» **WORK TO BE COMPLETED**
Copy, word for word, the lines below from the one containing "Die Weston Aufbewahrungsbox von" up to and including the one containing "照片里能看到,56岁的桑切斯", with pictures left out.
THE INPUT Start Marker
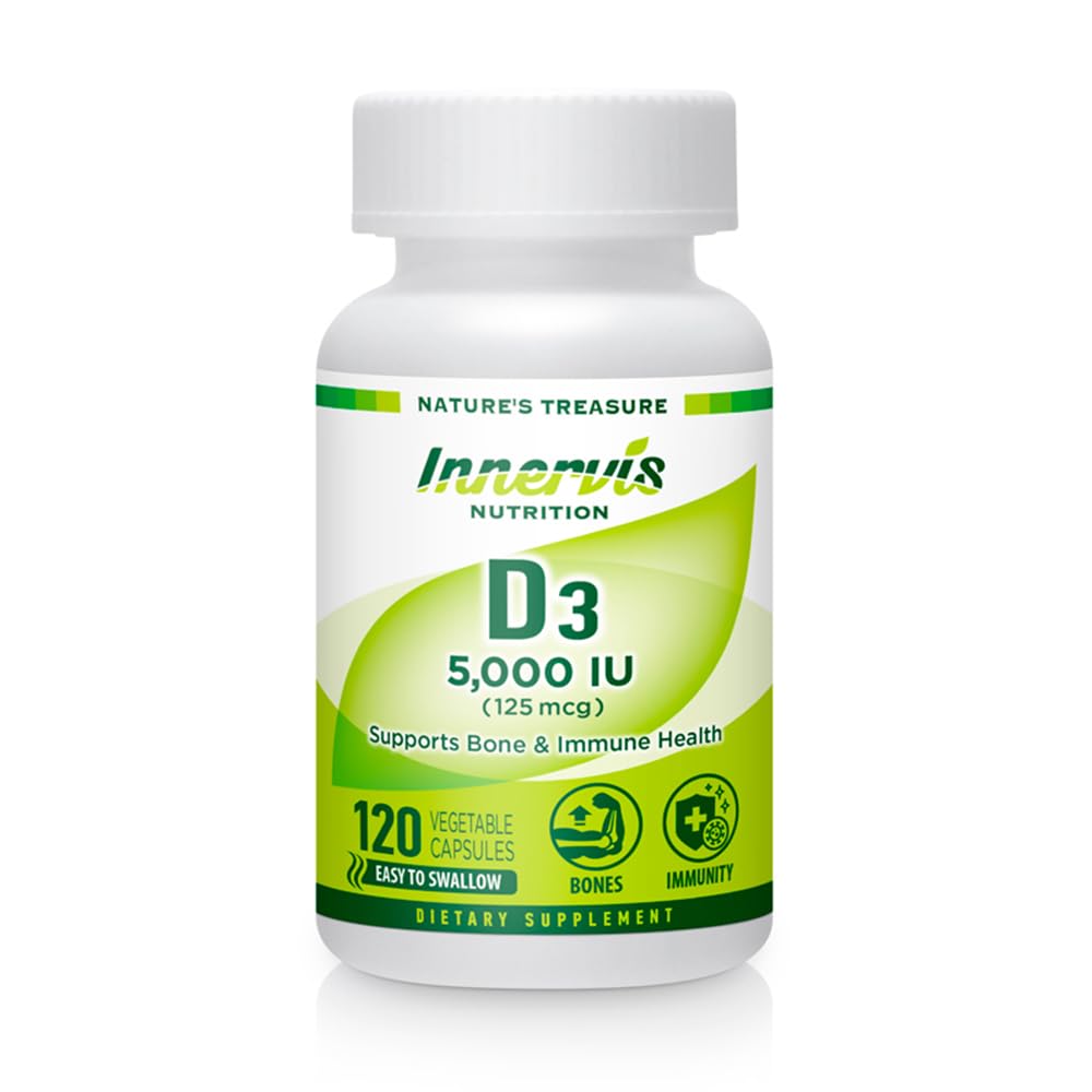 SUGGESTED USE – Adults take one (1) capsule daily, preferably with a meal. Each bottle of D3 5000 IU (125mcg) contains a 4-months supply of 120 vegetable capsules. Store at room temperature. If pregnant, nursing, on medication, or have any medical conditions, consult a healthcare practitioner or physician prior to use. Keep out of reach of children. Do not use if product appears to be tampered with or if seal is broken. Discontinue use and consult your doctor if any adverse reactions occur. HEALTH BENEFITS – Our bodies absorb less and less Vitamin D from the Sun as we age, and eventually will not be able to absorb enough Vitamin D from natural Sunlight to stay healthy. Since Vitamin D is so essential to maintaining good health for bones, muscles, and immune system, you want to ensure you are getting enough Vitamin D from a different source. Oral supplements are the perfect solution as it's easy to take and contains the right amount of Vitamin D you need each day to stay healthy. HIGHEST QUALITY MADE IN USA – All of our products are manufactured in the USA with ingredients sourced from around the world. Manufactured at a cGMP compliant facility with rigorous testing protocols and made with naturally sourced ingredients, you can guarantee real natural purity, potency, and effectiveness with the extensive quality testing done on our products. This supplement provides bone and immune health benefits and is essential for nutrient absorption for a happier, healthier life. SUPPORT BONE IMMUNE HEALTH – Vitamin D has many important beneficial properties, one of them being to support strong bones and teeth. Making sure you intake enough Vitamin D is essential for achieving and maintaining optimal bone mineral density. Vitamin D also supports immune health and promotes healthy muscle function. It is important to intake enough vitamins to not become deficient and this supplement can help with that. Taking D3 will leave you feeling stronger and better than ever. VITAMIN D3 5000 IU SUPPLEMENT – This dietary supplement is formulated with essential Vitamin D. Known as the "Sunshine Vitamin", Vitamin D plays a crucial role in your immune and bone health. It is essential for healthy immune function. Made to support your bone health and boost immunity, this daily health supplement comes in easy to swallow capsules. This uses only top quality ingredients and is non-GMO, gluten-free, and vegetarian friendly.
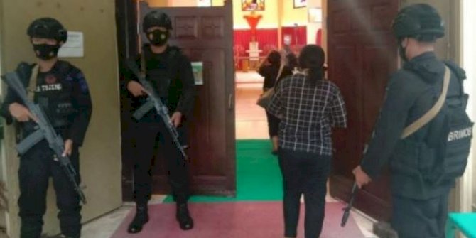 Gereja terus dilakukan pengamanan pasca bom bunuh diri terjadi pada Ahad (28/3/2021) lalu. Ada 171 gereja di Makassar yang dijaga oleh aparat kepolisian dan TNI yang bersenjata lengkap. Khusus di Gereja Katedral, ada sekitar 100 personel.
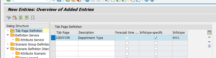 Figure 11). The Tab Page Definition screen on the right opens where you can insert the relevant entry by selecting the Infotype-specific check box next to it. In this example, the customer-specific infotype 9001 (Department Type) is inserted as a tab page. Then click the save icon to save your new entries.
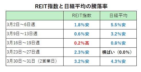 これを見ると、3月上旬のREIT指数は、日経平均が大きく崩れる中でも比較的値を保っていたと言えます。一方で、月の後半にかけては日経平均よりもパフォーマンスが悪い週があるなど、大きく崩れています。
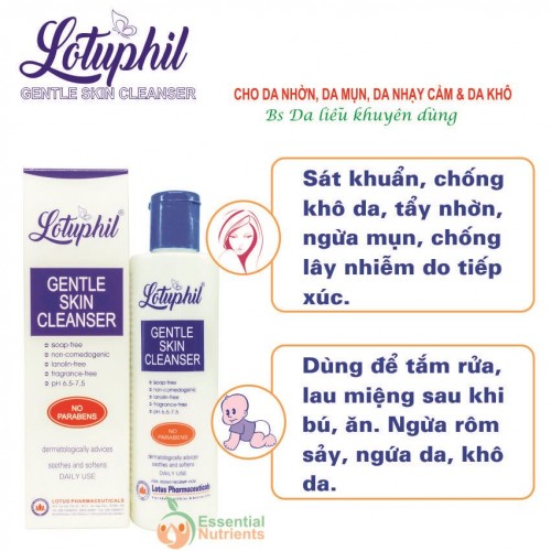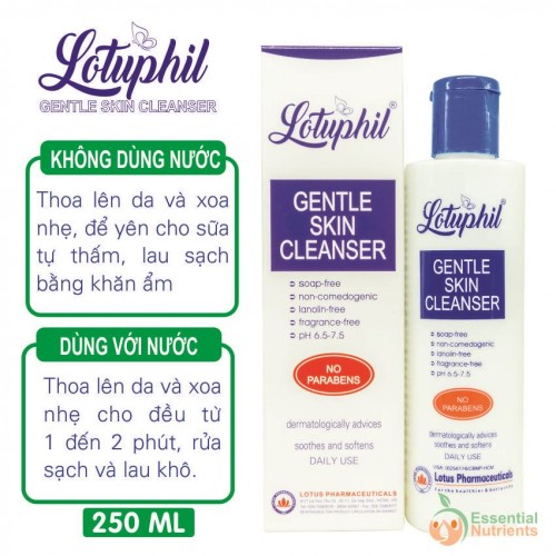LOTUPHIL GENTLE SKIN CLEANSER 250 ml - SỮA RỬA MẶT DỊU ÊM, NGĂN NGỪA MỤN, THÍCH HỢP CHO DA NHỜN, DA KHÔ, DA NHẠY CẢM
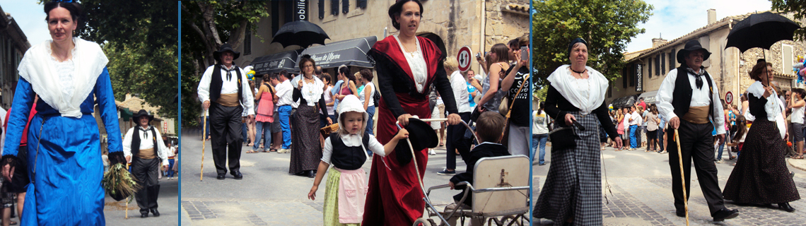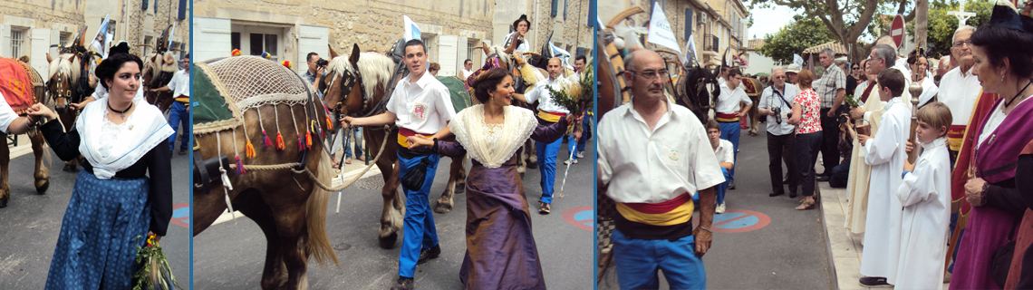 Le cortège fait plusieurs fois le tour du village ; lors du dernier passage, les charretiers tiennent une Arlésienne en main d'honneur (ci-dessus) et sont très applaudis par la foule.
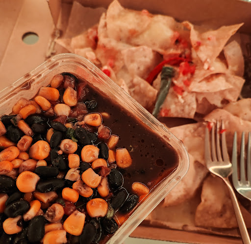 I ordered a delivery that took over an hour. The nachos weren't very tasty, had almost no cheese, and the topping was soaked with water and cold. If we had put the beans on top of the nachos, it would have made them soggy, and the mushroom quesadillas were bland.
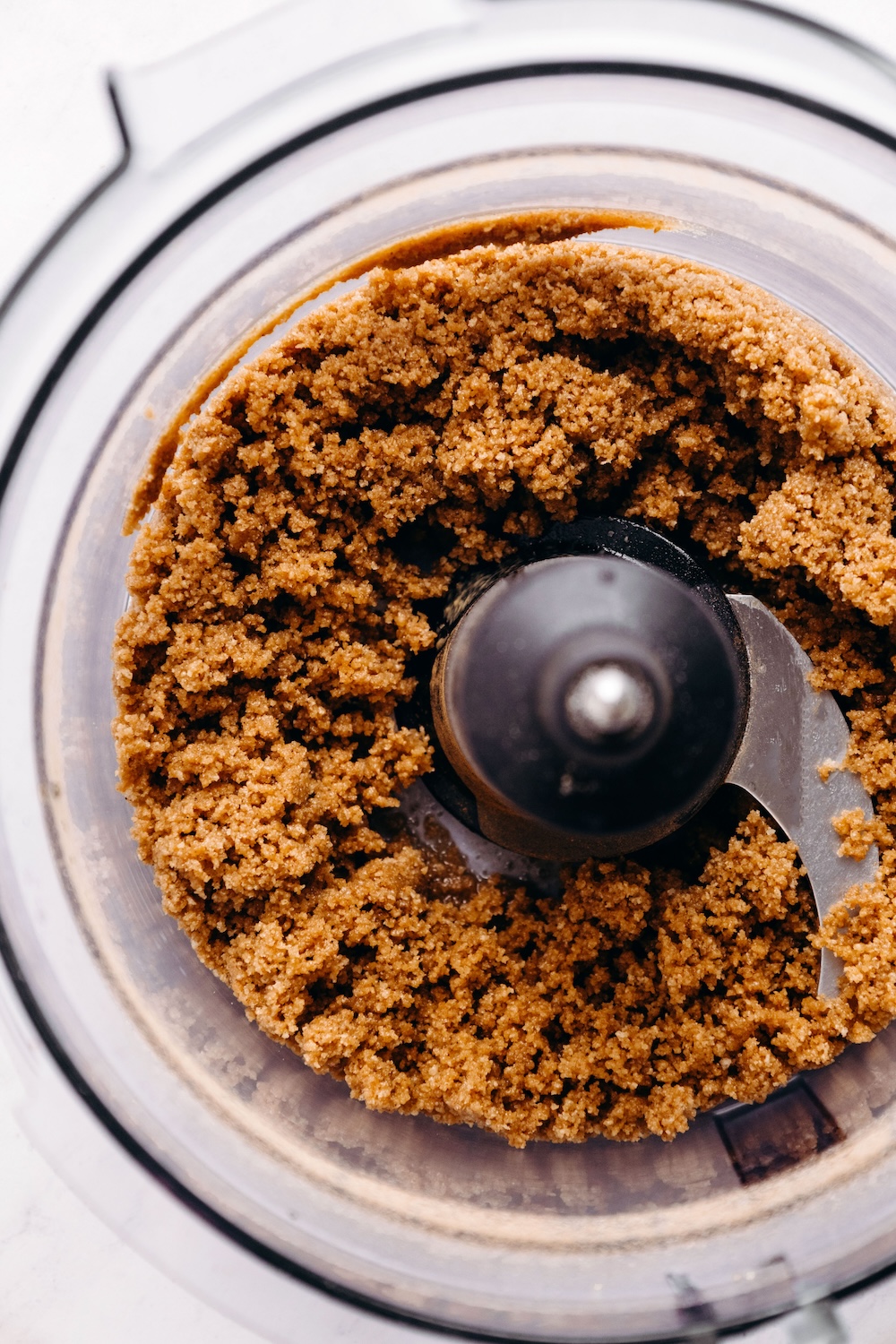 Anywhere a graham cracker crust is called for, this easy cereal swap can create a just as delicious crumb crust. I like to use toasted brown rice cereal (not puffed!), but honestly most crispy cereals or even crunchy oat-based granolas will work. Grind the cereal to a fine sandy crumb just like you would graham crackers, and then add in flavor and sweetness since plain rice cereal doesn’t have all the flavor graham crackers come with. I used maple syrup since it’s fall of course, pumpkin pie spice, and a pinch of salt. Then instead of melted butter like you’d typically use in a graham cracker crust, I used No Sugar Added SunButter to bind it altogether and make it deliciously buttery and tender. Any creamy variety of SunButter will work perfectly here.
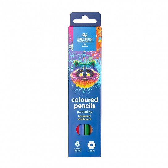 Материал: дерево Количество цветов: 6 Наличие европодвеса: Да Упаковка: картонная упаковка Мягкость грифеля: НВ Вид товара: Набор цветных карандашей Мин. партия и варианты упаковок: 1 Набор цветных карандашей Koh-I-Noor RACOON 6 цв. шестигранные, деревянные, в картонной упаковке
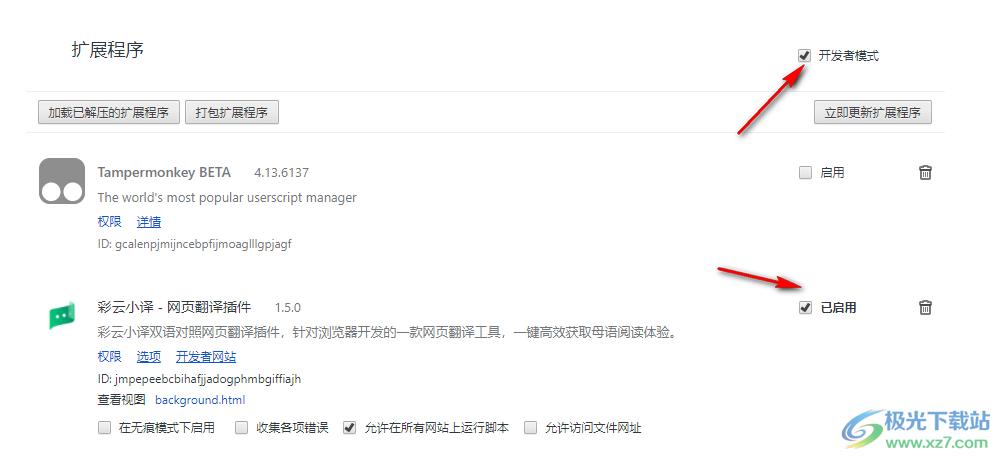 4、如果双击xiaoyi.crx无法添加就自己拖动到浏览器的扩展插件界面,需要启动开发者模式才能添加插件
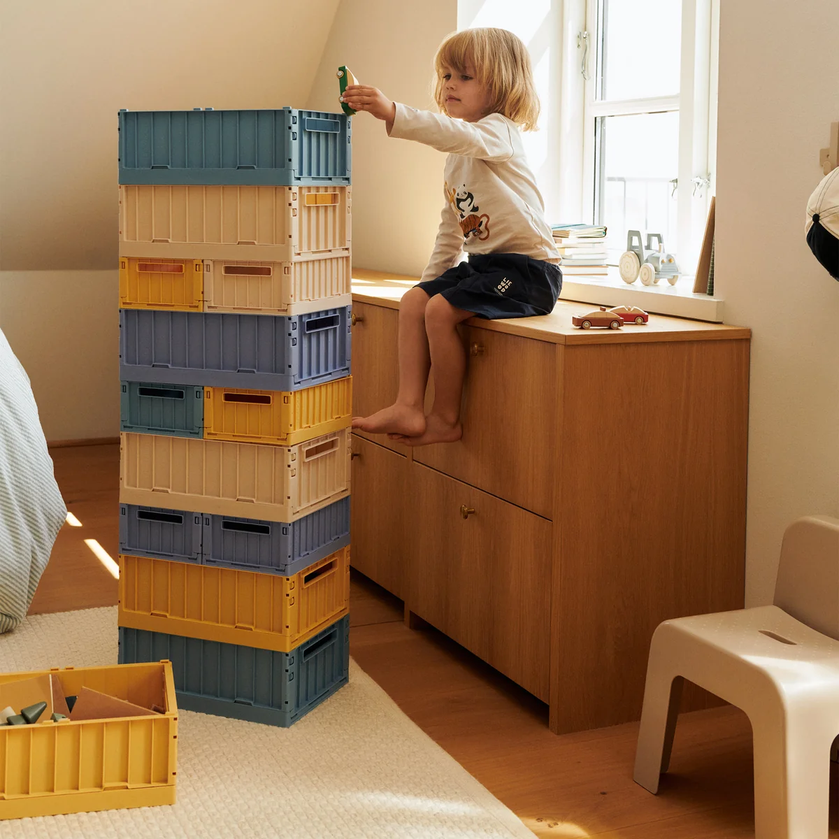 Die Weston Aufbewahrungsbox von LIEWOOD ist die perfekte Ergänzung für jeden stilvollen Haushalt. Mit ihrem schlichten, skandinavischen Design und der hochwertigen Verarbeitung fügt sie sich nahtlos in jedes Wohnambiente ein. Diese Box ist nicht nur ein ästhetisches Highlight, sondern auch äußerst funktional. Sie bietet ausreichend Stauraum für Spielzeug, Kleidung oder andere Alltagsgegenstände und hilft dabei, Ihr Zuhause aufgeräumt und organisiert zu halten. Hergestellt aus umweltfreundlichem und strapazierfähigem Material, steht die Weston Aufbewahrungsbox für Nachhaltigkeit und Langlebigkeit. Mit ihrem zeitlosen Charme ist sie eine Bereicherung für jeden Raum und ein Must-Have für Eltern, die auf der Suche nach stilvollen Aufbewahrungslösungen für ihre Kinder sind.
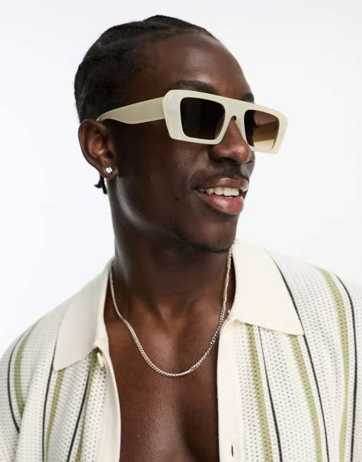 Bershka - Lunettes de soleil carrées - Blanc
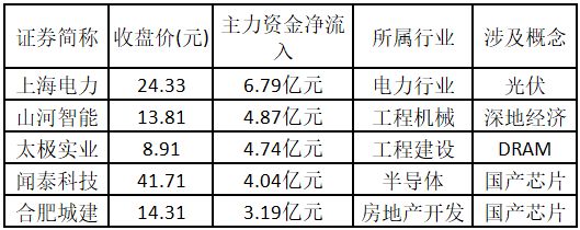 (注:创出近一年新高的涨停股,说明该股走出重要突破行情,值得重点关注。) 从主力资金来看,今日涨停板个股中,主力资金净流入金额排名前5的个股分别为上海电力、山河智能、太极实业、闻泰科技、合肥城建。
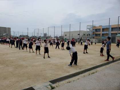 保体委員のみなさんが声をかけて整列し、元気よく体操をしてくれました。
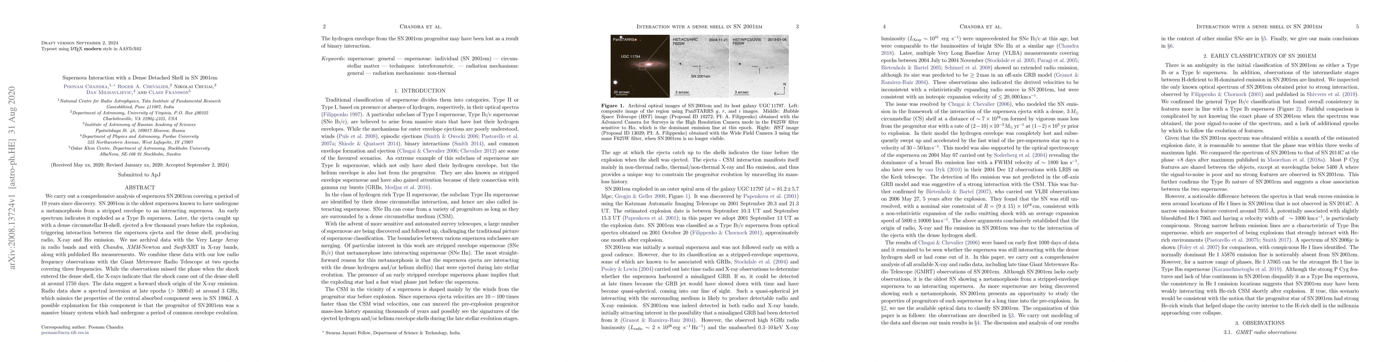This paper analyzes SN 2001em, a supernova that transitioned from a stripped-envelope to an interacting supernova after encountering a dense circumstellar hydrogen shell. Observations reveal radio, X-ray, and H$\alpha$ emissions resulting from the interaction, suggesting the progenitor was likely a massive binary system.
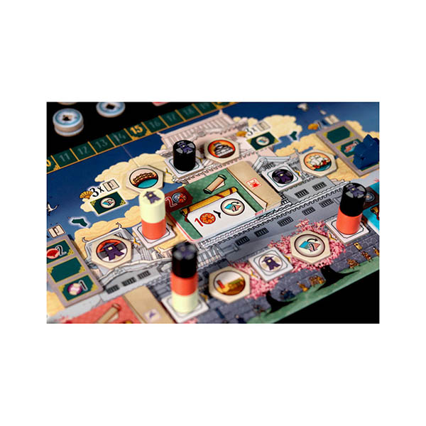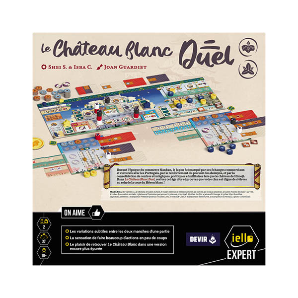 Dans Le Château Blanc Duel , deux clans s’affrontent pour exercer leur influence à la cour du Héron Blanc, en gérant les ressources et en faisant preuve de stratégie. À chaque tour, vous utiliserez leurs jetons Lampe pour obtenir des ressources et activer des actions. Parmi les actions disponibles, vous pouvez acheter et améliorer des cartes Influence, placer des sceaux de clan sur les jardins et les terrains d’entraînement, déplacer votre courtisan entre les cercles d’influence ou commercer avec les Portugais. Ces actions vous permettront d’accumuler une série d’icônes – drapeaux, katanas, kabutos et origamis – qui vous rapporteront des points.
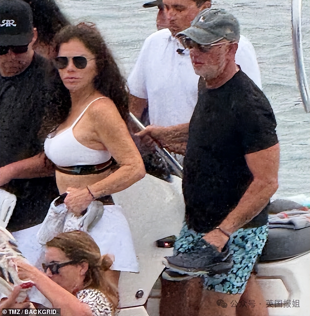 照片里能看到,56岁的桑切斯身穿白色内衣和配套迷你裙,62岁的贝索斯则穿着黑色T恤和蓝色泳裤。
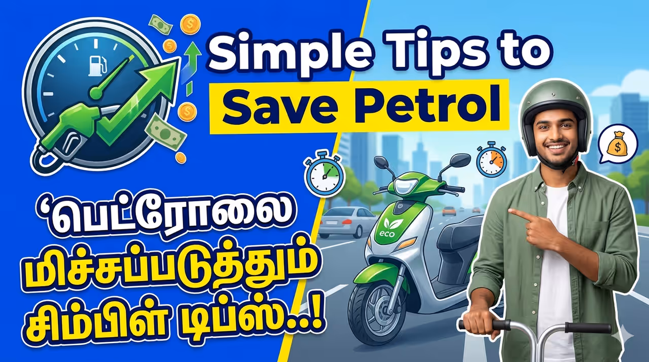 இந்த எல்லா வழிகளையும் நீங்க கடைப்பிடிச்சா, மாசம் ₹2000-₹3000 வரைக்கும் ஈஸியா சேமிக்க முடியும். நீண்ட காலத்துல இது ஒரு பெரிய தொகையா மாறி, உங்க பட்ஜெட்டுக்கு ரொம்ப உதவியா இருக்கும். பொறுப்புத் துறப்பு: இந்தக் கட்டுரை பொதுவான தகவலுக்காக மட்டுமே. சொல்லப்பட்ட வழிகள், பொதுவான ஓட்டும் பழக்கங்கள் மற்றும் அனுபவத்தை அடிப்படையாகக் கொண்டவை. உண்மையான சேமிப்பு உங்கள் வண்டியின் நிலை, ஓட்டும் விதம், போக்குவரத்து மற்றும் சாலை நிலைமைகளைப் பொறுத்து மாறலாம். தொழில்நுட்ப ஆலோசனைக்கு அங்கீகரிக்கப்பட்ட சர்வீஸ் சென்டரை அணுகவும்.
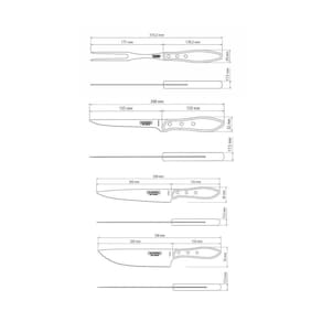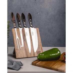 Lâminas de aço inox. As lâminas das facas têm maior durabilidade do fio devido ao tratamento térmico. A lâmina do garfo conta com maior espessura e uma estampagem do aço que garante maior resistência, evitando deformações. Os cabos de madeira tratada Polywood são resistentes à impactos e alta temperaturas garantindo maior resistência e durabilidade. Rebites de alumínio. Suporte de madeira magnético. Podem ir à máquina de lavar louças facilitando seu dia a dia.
THE INPUT End Marker
» **WRITTEN SOLUTION**
 Die Weston Aufbewahrungsbox von LIEWOOD ist die perfekte Ergänzung für jeden stilvollen Haushalt. Mit ihrem schlichten, skandinavischen Design und der hochwertigen Verarbeitung fügt sie sich nahtlos in jedes Wohnambiente ein. Diese Box ist nicht nur ein ästhetisches Highlight, sondern auch äußerst funktional. Sie bietet ausreichend Stauraum für Spielzeug, Kleidung oder andere Alltagsgegenstände und hilft dabei, Ihr Zuhause aufgeräumt und organisiert zu halten. Hergestellt aus umweltfreundlichem und strapazierfähigem Material, steht die Weston Aufbewahrungsbox für Nachhaltigkeit und Langlebigkeit. Mit ihrem zeitlosen Charme ist sie eine Bereicherung für jeden Raum und ein Must-Have für Eltern, die auf der Suche nach stilvollen Aufbewahrungslösungen für ihre Kinder sind.
 Bershka - Lunettes de soleil carrées - Blanc
 (注:创出近一年新高的涨停股,说明该股走出重要突破行情,值得重点关注。) 从主力资金来看,今日涨停板个股中,主力资金净流入金额排名前5的个股分别为上海电力、山河智能、太极实业、闻泰科技、合肥城建。
 保体委員のみなさんが声をかけて整列し、元気よく体操をしてくれました。
This paper analyzes SN 2001em, a supernova that transitioned from a stripped-envelope to an interacting supernova after encountering a dense circumstellar hydrogen shell. Observations reveal radio, X-ray, and H$\alpha$ emissions resulting from the interaction, suggesting the progenitor was likely a massive binary system.
 Dans Le Château Blanc Duel , deux clans s’affrontent pour exercer leur influence à la cour du Héron Blanc, en gérant les ressources et en faisant preuve de stratégie. À chaque tour, vous utiliserez leurs jetons Lampe pour obtenir des ressources et activer des actions. Parmi les actions disponibles, vous pouvez acheter et améliorer des cartes Influence, placer des sceaux de clan sur les jardins et les terrains d’entraînement, déplacer votre courtisan entre les cercles d’influence ou commercer avec les Portugais. Ces actions vous permettront d’accumuler une série d’icônes – drapeaux, katanas, kabutos et origamis – qui vous rapporteront des points.
 照片里能看到,56岁的桑切斯身穿白色内衣和配套迷你裙,62岁的贝索斯则穿着黑色T恤和蓝色泳裤。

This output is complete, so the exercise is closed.